Reverting to the case, the Court finds that the learned Magistrate while passing the impugned order, took into consideration the statement of the informant Chhavinath Singh/O.P. No.2, who alleged that on 29.8.2014 at about 7 pm while he was sitting at the exit of his house along with one Kailash Singh, the applicants armed with deadly weapons entered the house and with a view to kill him, fired shots which missed the target but inflicted lathi, danda and leg fist blows. The learned Magistrate found that the Investigating Officer took into consideration certain affidavits, which became the basis of submission of the final report. The learned Magistrate was of the view that the course adopted by the Investigating Officer was improper and inappropriate, as the acceptance of the said affidavit was in teeth of Section 162 CrPC, which prohibits the use of any signed statements by the Investigating Officer. But the learned Magistrate was of the view that if the aforesaid affidavits are excluded, then the materials available in the case diary including the statement of the informant/ O.P. no.2 and the injury report were sufficient to proceed against the applicants under Section 190(1)(b). No illegality could be demonstrated in the view taken by the learned Magistrate.
The decision in the case of Naresh Pal Singh vs. State of U.P, 2014(1) All JIC 417 sought to be relied by the learned counsel for the applicant, the Court finds that in the said case, upon an FIR being lodged, after investigation a final report was submitted, which was contested by a protest which came to be allowed, cognizance taken under Section 190(1)(b) of the Code as police case and against the same, a revision was allowed and the order of cognizance was set aside and matter remanded for fresh cognizance on 9.9.2011. The order dated 9.9.2011 was challenged before this Court by the informant Naresh Pal Singh. A perusal of para 20 thereof would show that this Court held that no doubt the Magistrate while taking cognizance, had written in his order that the protest has been allowed but that does not mean that the Magistrate was bound to follow the procedure of a complaint case. The said case would have no application to the present case.
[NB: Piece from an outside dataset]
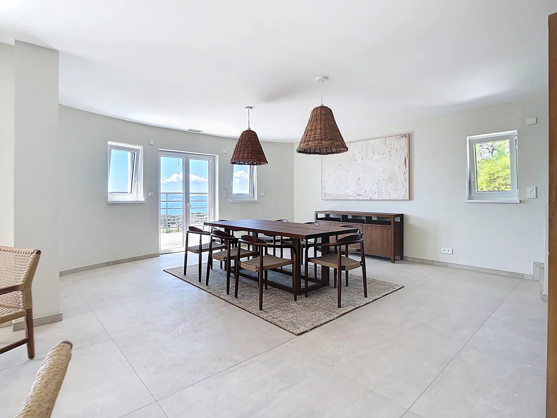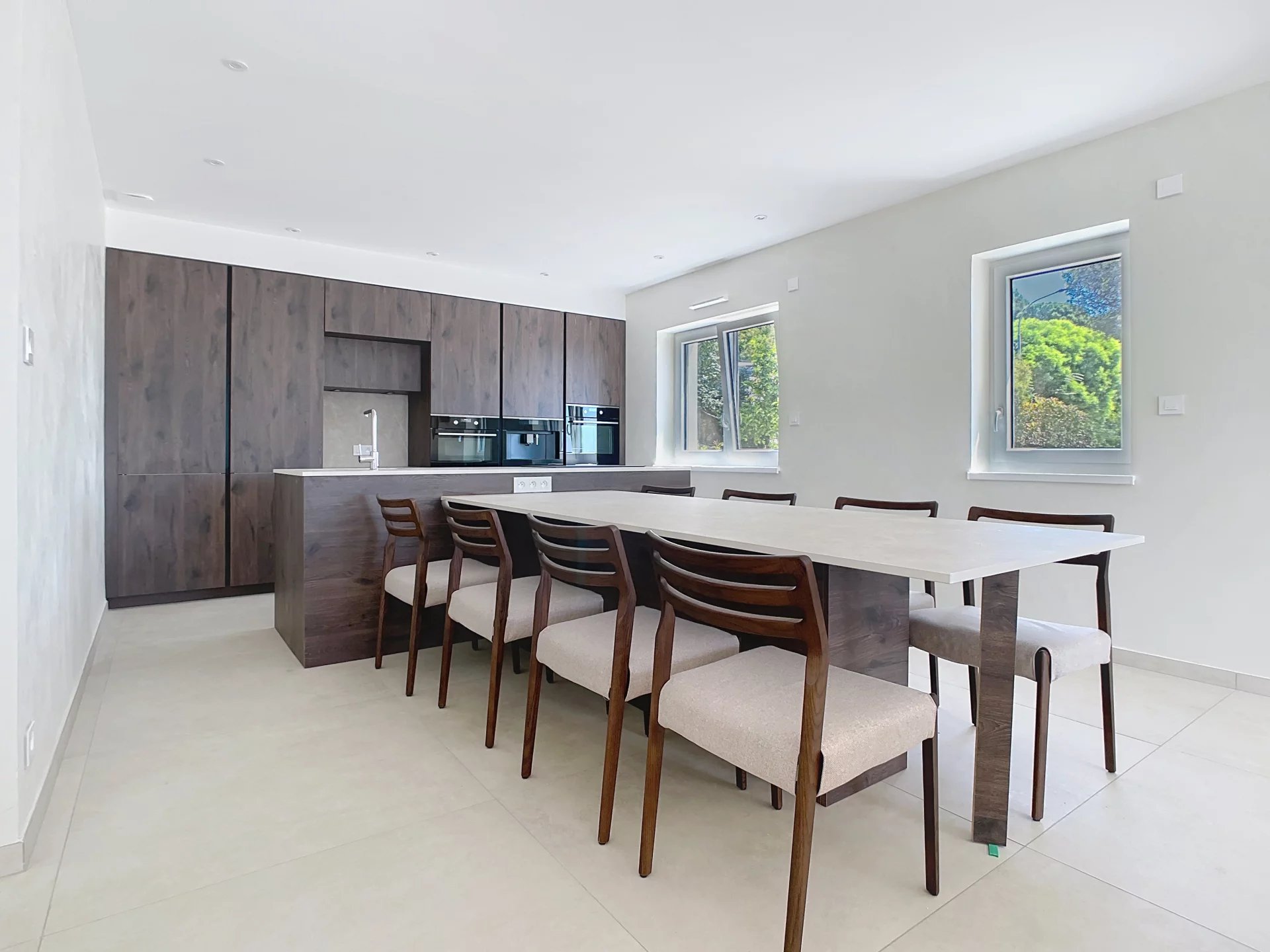 Bathed in natural light, the spacious open-plan living and dining area features a sleek new kitchen, perfect for both everyday living and entertaining. Large windows and fluid transitions between the indoor and outdoor spaces invite the Riviera light into every corner.

Thus, what follows from the aforesaid discussion is that while allowing the protest petition, it is always open for the Magistrate as one of the four options given in Pakhandu (supra) that if the Magistrate is satisfied that there are existing materials in the case diary, which prima facie make out a case for commission of an offence and summoning of an accused, he may do so under Section 190(1)(b). The only embargo is that while doing so he shall not place any reliance on any foreign material brought before him which is not forming a part of the case diary.
In view of the above discussion, the order dated 20.6.2015, rejecting a final report, allowing a protest and summoning the applicants in respect of all the above offences, cannot be faulted.
The application lacks merit and is dismissed.